I just watched the newest episode of “The Grapevine,” a Youtube series I often watch. The episode revolved around the very public and quite timely, backlash against toxic masculinity. As the topic unfurled, what I found most interesting was the emphasis on understanding the nuances of displaying that degree of masculinity. Humans inherently have both feminine and masculine energies within the same body; they are then either nurtured through positive feedback or quelled through “auto-correction,” as Doug said. What we fail to realize on a grand scale is that by favoring either of those energies within one person, we inevitably force them to choose which of the two becomes their lifeline.
Subconsciously, a man who is told he cannot play with dolls, or a girl reprimanded for playing kickball, will choose the energy that at best, allows them to survive in the space allotted to them by society. Notice I’m emphasizing that the choice is a subconscious one; one does not often decide “this is how I need to act to function in my gender-biased society.” Instead it is the fanaticism in our approval or disapproval of certain behaviors and activities that slowly form little beliefs within a person that guide their future actions. Over time, a little boy denied a doll will learn that dolls cannot be for boys via negative feedback. He will subconsciously reason that he was not allowed to have a doll because he is a boy and therefore, no boys should have dolls; the same can be said for many women who experience the same feedback as children. Often, it will be these very people that will perpetuate the same narrow concepts forced upon them and reinforce their subconscious behaviors by imposing those engrained beliefs onto a new group of unsuspecting children. The same can be said for boys and girls who received positive reinforcement about their “supposed” gender-appropriate likes, seeing them also grow to believe that the way they are is how men/women simply are.
In both instances, the subconscious beliefs reinforced throughout life will influence the ways in which these people associate with gender. The biggest difference is that for those who received negative feedback, their eventual acclimation to societal standards is by force and simultaneously creates resentment towards anyone that does not adhere, themselves included. This is the basis of toxic masculinity and it shows itself as intolerance, aggression and apathy for the experiences of the other side.
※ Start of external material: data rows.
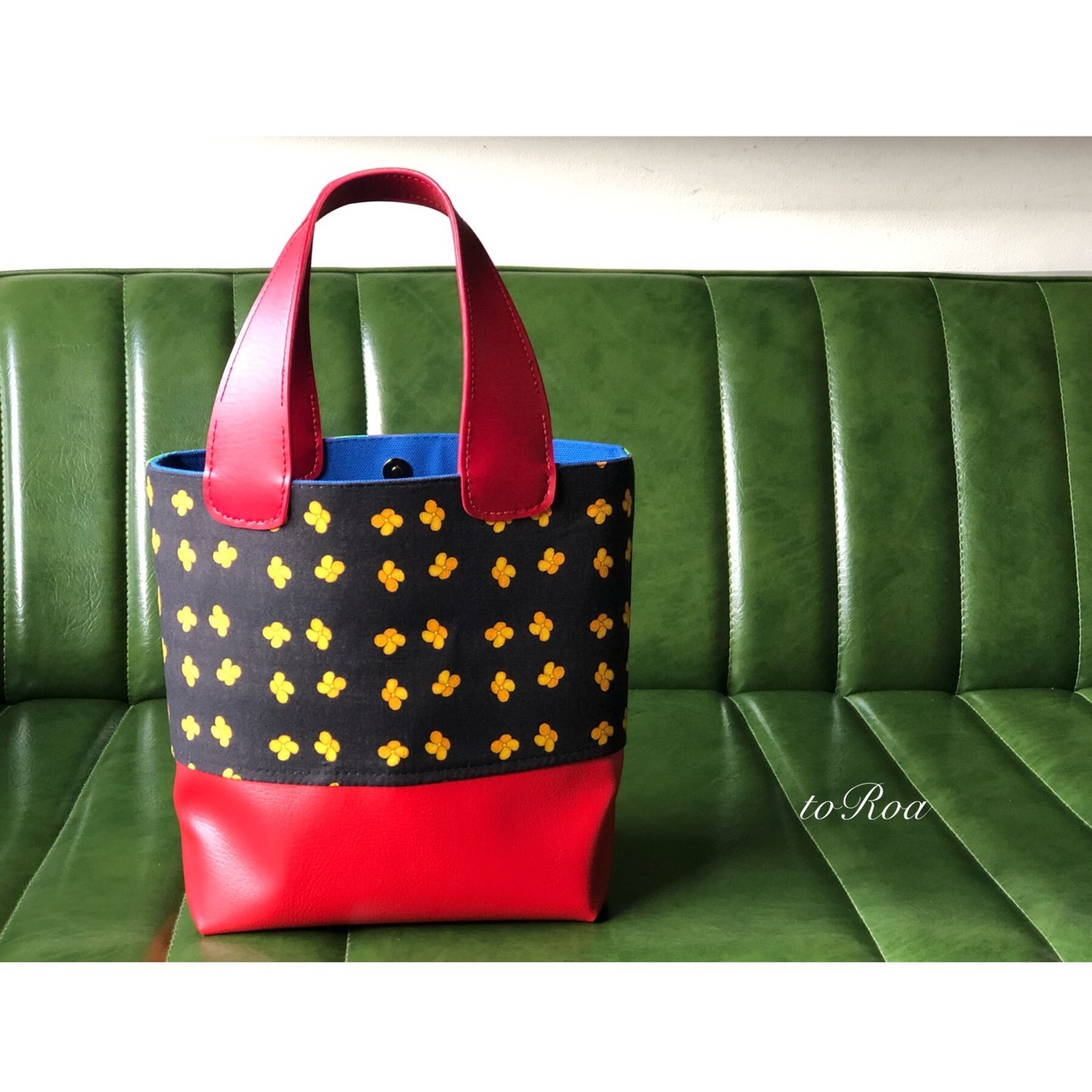 ドカンと大きな個性的な女の子と黒地に小さな黄色の花柄、柄違いのバッグ。
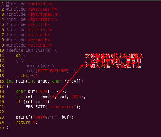 ret = fcntl(0, F_SETFL, flags | O_NONBLOCK);//通过F_SETFL来改变文件的状态为非阻塞0_NONBLOCK,但是为了保留其它状态,所以设置之前需获得状态,再进行与操作
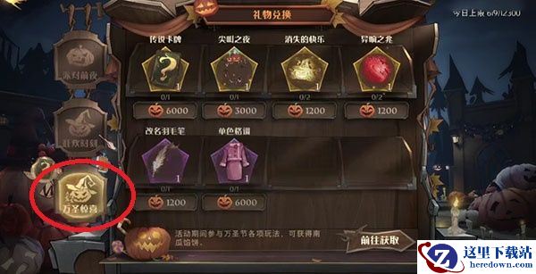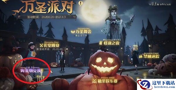 3、返回万圣派对的界面,可以点击左下角的礼物兑换。
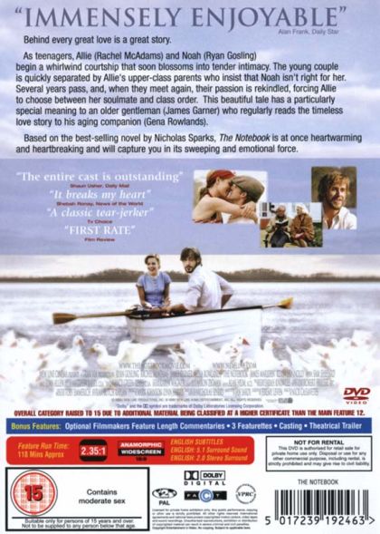 An epic love story centered around an older man who reads aloud to a woman with Alzheimer's. From a faded notebook, the old man's words bring to life the story about a couple who is separated by World War II, and is then passionately reunited, seven years later, after they have taken different paths.
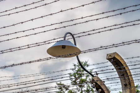 barbed wire to demarcate the concentration camp and an old lamp
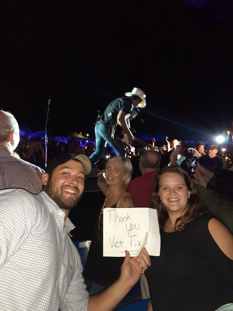My friends and I had an incredible everything at the Brad Paisley concert last night. The memories we made as friends at the show would not have been made possible without your generosity. I'm truly thankful! Thank you VetTix!
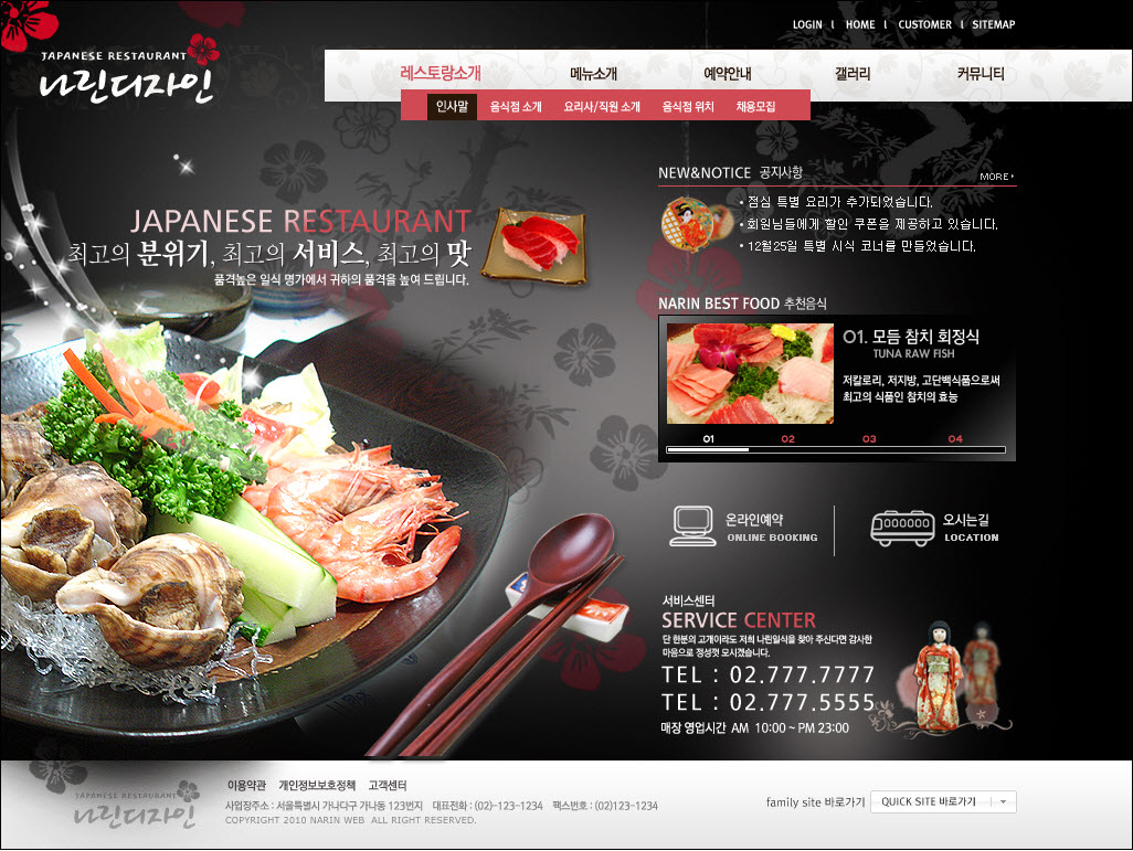음식점 홈페이지제작에 적합한 홈페이지제작 서비스(솔루션기능 제공)
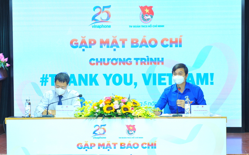 ĐTN: Ngày 27/5, Trung ương Đoàn phối hợp với VNPT VinaPhone gặp mặt báo chí công bố và phát động chương trình #Thank you, VietNam! năm 2021. Chương trình triển khai thiết thực tạo nguồn quỹ 5 tỷ đồng để xây dựng 60 căn nhà nhân ái cho các gia đình có hoàn cảnh khó khăn.
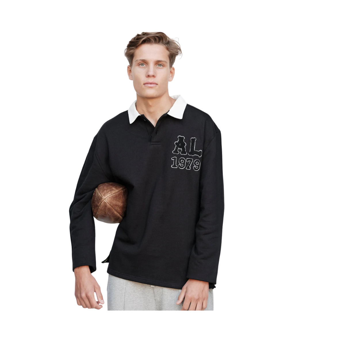 Rugby-inspirerad tröja i 100% bomull med AL1979-brodyr i frotté på bröstet och Acqua Limone-båge tryckt över ryggen. Har en kontrasterande vävd krage och en avslappnad, tvättad finish. Ett nyckelplagg i Ivy League-kollektionen.

The latter group often acclimates without the same resentments and also reserves the choice to redefine gender if need be. This is a luxury we misunderstand, and so we continue to make boys/girls think being a boy/girl is more about their actions than their self- identification.
When we feel gender needs to be a specific way that is by definition, toxic. Anything without balance is toxic. A man who thinks to be a man means forceful exertion of his energy is a problem. A woman who projects those views onto a man by calling him effeminate for grooming himself for example, is also toxic. Regardless of the sex of the instigator, when it comes from a place of rigidity, toxicity ensues. What we need to emphasize more than actions, are mindsets that encourage children to just enjoy what they like. However deeply we are committed to that is one thing, but we must collectively acknowledge that gender is so wrapped up in these abstract ideals that make people fit into them when it should be the reverse.
Gender roles do not need to be banished, but there needs to be a fluidity that allows someone to be who they are and still identify as they please. Life is not a puzzle with right and wrong configurations, it is forever dynamic. It cannot be appropriate for us or our larger society to tell anyone that they can only be one way to be themselves. We damage our children first, and hinder our future selves when we decide that A is for one, B is for another, and never the twain shall meet.